Performance analysis of the teams that remained in the top-tier division of the Spanish LaLiga during eight consecutive seasons

Performance analysis of the teams that remained in the top-tier division of the Spanish LaLiga during eight consecutive seasons

Staying in LaLiga year after year is not about chasing trends. It is about building a stable, repeatable way of competing. This study looked at eight teams that managed exactly that. Eight seasons in a row at the highest level. No relegation. No shortcuts. Just consistency.

More than 2,200 team performances were analysed across eight full seasons. From 2011–2012 to 2018–2019. The goal was simple. Identify what does not change when teams survive at the top. And understand what subtly evolves over time.

The first key message is clear. These teams were remarkably stable. Passes. Successful passes. Shots. Goals. Fouls. All stayed within very similar ranges across eight seasons. This matters. It shows that long-term success in LaLiga is not about constant reinvention. It is about protecting a solid performance base.

For coaches, this is a powerful reference. If your weekly outputs fluctuate wildly, something is wrong. The teams that survive do not swing from extreme to extreme. They stay predictable in the right way. Their baseline performance is reliable.

One of the few attacking actions that did change was crossing. In the last two seasons analysed, these teams crossed less. This suggests a shift towards more central, controlled attacking structures. Fewer hopeful balls. More patience. More positional play. For analysts, this reinforces the idea that volume of actions is not the goal. Quality and context matter more.

Set pieces showed a similar pattern. Corners slightly decreased over time. Goals stayed stable. Fouls stayed stable. The message is not that set pieces lost importance.

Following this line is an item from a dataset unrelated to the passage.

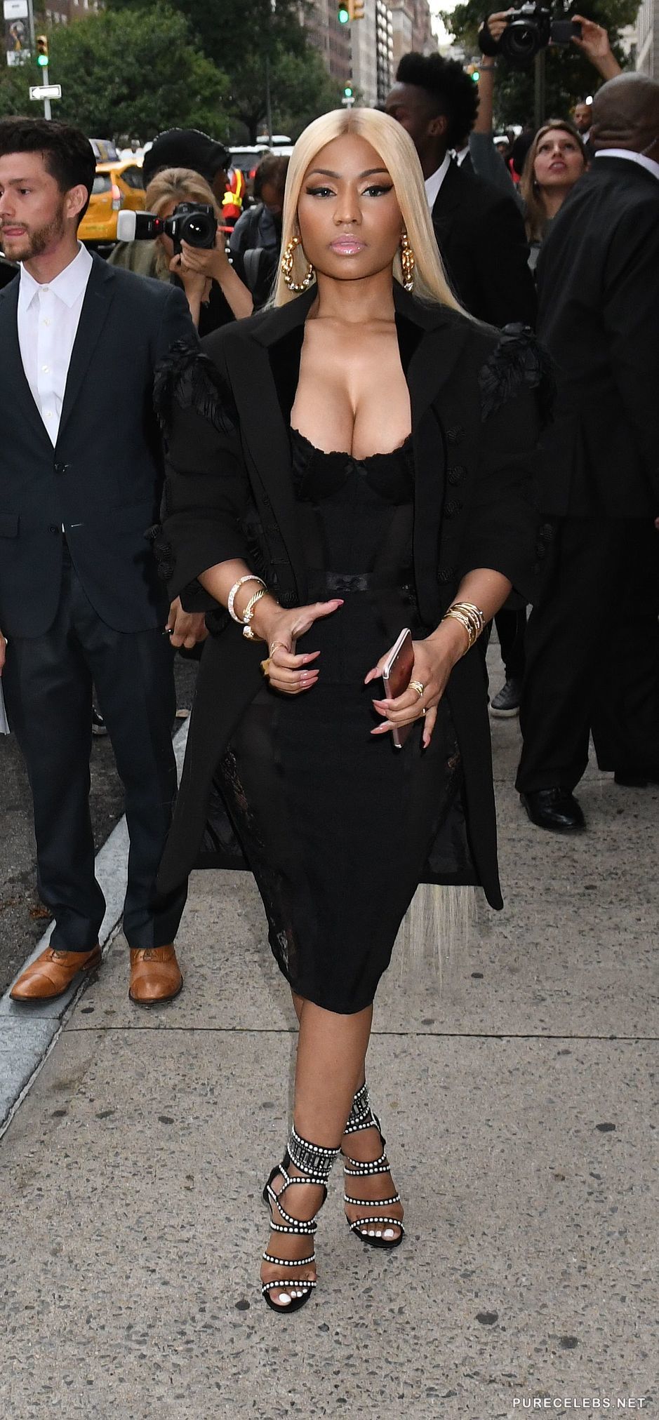 NIcki Minaj is famous for her gangster attitude and provocative song lyrics. She also enjoys dressing slutty to the pleasure of her fans. The ebony vixen was recently photographed at a red carpet event wearing a skintight black dress. It appears that her boobs are as wild and hungry for attention as she is because they refused to remain hidden under her dress. Lucky reporters were able to catch her nipples escaping her skimpy dress.

It is that successful teams do not rely on chaotic game states to survive. They reduce randomness.

The most interesting insights come from collective team behaviour. Over the seasons, teams played in less space. Width stayed the same. Length decreased. Players were closer together. The effective playing area became denser.

This has direct implications for training. Compactness is not just a defensive concept. It is a game model. Training tasks that stretch the team too much vertically may look attractive, but they do not reflect how top teams actually compete over time. Small vertical distances. Short connections. Faster support.

The goalkeeper’s role also changed. The distance between the goalkeeper and the nearest defender became shorter from season four onwards. This points to a more integrated goalkeeper. A goalkeeper who is part of the team structure. Both in build-up and in defensive organisation.

For coaches, this reinforces the importance of training the goalkeeper with the team. Not in isolation. Decision-making. Positioning. Timing. The goalkeeper is no longer a last resort. He is part of the system.

From a physical perspective, total distance covered decreased over time. This is critical. The teams that stayed in LaLiga did not run more. They ran better. Total metres went down, while performance remained stable.

This challenges outdated beliefs. High total distance is not a success marker. Efficient positioning, better spacing, and smarter collective movement reduce unnecessary running. Conditioning staff should not chase volume for its own sake. The goal is functional load.

The big takeaway is simple. Stability wins leagues. Not peak values. Not extremes. Consistent technical output. Compact team structures. Integrated goalkeepers. And controlled physical demands.

This study provides real reference values for elite football. Not from one season. From eight. If your team wants to survive at the top, these are the behaviours that matter.